And you thought designer dogs were getting expensive.
According to a 2010 study by Equine Canada, it costs the average horse owner $2,700 a year to keep a horse. Vet bills, feed and grooming can add up quickly.
The study suggests there is $29 billion invested in the Canadian horse industry. There are an estimated 963,500 horses from coast to coast, translating to one full-time job for every 32 horses. The horse industry contributes as much as $19 billion to the Canadian economy, up $5 billion from 2003.
Considering the size and scope of the industry, Canadians have very few options when it comes to one of the industry's primary occupations. The farrier, or blacksmith, is one of the most critical contributors to the health and welfare of horses. Yet unless you live in Western Canada, formal training in the art can be hard to come by.
Luckily for horse owners in the Lower Mainland, Kwantlen Polytechnic University's Cloverdale campus offers a foundation program for would-be farriers to eventually become a qualified blacksmith.
The B.C. chapter of the Canadian Welders Association hosted a blacksmith demonstration there last Saturday.
As instructor Gerard Laverty put the final nail in place of a horseshoe he created, he couldn't help but laugh when he described his own profession.
"People are still shocked that blacksmiths still exist," said Laverty, "but there is a strong recreational market out there."
Laverty compares it to the tire industry. Sooner or later, wear and tear means you're going to need to replace what you're riding on. A horse is no different.
That's where Kwantlen's farrier program comes into play. After spending nine months under the guidance of instructors like Laverty, farriers then go out and apprentice under someone who can continue to guide the process.

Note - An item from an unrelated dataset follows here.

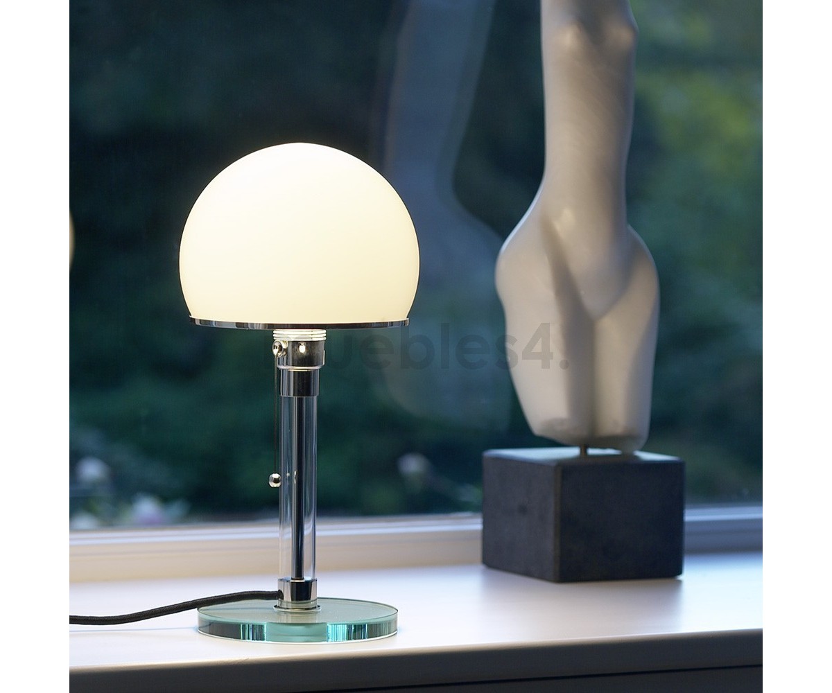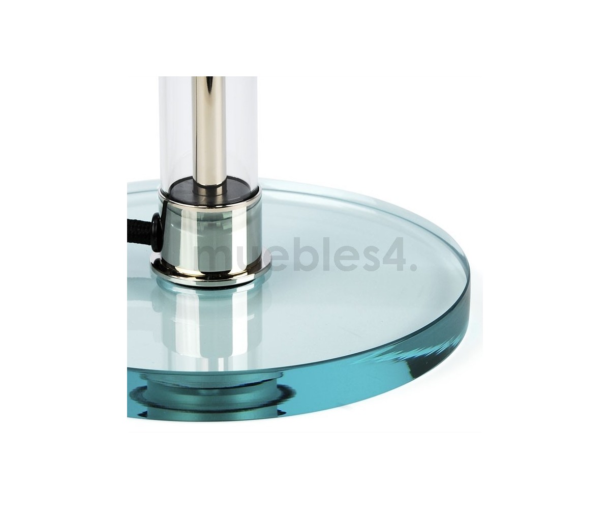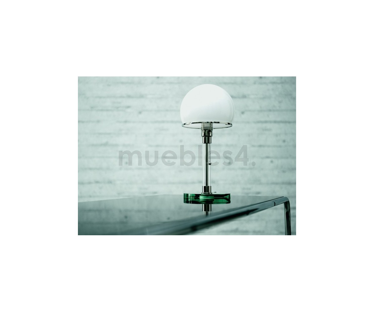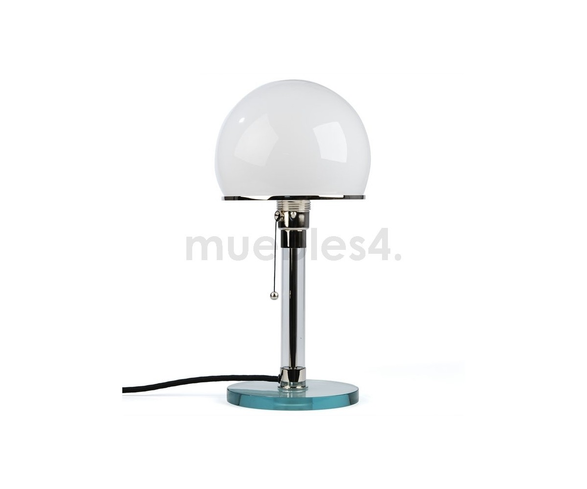 Lámpara de sobremesa, inspirada en un diseño de Wilhelm Wagenfeld. Base fabricada en cristal transparente y acero. Difusor realizado en cristal terminación blanco. Tirador de encendido y apagado. Réplica exacta con materiales originales de máxima calidad.

"You need to spend about three years working under someone who has that watchful eye. It's critical to develop that good judgment," he said.

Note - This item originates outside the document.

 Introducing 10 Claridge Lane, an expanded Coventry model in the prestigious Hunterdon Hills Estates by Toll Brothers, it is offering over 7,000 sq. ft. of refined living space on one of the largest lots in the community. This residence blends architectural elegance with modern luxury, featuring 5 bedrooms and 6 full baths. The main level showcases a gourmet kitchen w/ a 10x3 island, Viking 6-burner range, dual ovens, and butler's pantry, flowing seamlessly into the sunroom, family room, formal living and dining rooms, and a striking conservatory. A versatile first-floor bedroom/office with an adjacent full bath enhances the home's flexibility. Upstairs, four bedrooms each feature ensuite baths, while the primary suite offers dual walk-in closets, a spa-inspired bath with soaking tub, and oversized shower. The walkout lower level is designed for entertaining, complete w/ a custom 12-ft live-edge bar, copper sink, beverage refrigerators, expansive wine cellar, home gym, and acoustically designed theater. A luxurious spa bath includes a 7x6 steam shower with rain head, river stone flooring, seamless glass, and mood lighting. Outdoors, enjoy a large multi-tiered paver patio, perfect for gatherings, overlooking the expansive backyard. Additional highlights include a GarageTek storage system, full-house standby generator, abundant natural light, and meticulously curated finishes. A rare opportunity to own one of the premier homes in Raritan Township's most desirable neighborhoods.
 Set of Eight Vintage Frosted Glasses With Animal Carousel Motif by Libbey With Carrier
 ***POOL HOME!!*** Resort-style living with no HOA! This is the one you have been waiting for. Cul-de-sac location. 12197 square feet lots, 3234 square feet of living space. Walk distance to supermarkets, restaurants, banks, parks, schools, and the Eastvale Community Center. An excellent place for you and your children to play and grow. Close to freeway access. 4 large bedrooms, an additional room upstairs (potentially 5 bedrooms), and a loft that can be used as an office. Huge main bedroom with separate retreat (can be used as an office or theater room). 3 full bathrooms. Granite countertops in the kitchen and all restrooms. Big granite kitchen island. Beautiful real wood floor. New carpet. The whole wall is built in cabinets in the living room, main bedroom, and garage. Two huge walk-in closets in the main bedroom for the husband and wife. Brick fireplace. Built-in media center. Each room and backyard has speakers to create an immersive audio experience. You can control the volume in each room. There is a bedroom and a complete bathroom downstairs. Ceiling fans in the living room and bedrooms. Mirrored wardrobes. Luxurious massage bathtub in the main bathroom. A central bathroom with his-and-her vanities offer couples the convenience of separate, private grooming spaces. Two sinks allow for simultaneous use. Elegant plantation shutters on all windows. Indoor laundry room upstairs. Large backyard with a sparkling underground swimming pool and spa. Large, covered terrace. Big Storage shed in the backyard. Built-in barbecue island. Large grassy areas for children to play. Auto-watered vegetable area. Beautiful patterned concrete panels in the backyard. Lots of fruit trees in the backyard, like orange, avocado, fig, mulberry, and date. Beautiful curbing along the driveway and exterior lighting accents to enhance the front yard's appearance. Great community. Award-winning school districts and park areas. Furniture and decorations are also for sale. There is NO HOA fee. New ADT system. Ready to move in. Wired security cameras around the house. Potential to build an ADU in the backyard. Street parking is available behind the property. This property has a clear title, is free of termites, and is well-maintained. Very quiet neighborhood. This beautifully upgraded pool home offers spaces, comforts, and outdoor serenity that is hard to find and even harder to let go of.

The key is patience and understanding, he added. Horses and their shoes are rarely a simple fit. Hooves crack, slope and come in all different shapes and sizes. So matching a shoe means understanding the needs of a particular horse. Laverty says that's why so many people in the program have a strong horse background before they come to Kwantlen, including many women.
Aili Sundberg is a program assistant in the farrier program in Cloverdale. Her passion for horses started when she was seven.

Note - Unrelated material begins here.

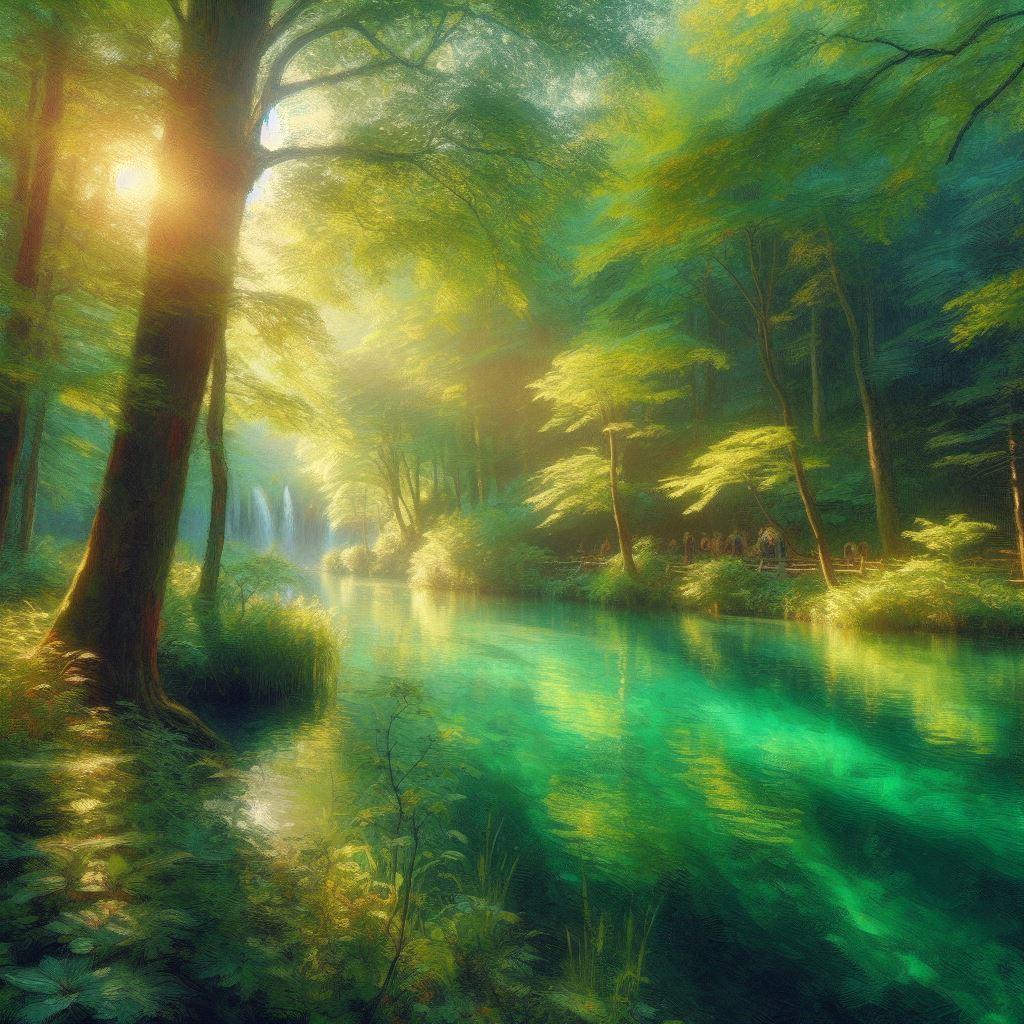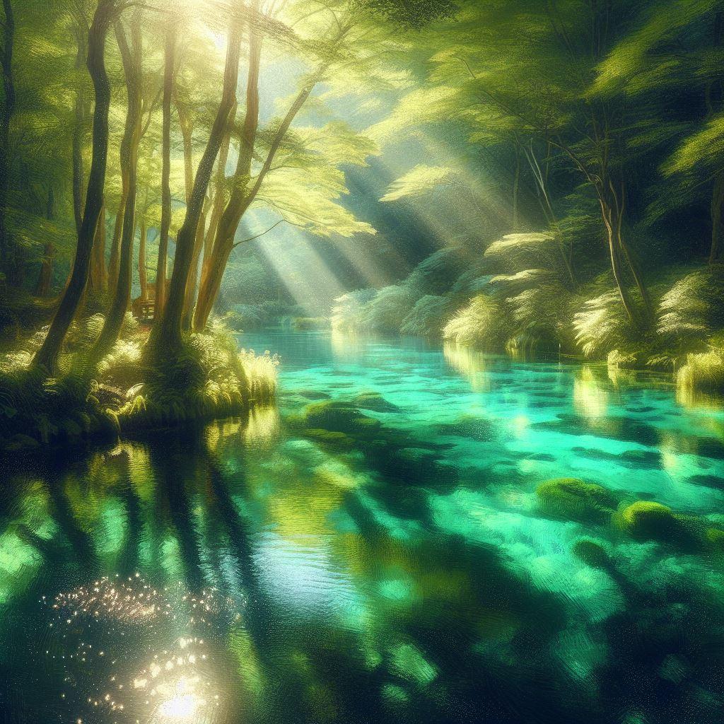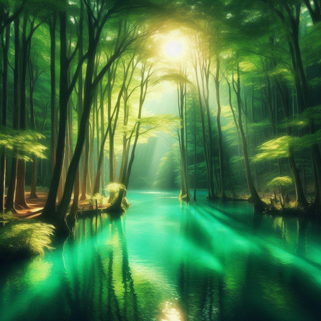 夢に出てくるような神秘的な雰囲気の湖をイメージして生成しました。

"It's been a life-long passion - or an obsession," she said, laughing. "But I think you have to be passionate to do it well."
After graduating from the program in 2008, Sundberg headed back to her home in northern B.C. But a lack of training opportunities brought her back to the Surrey area, where she now works with new students looking for a career as a blacksmith. "I can't think of anything I'd rather do," she said.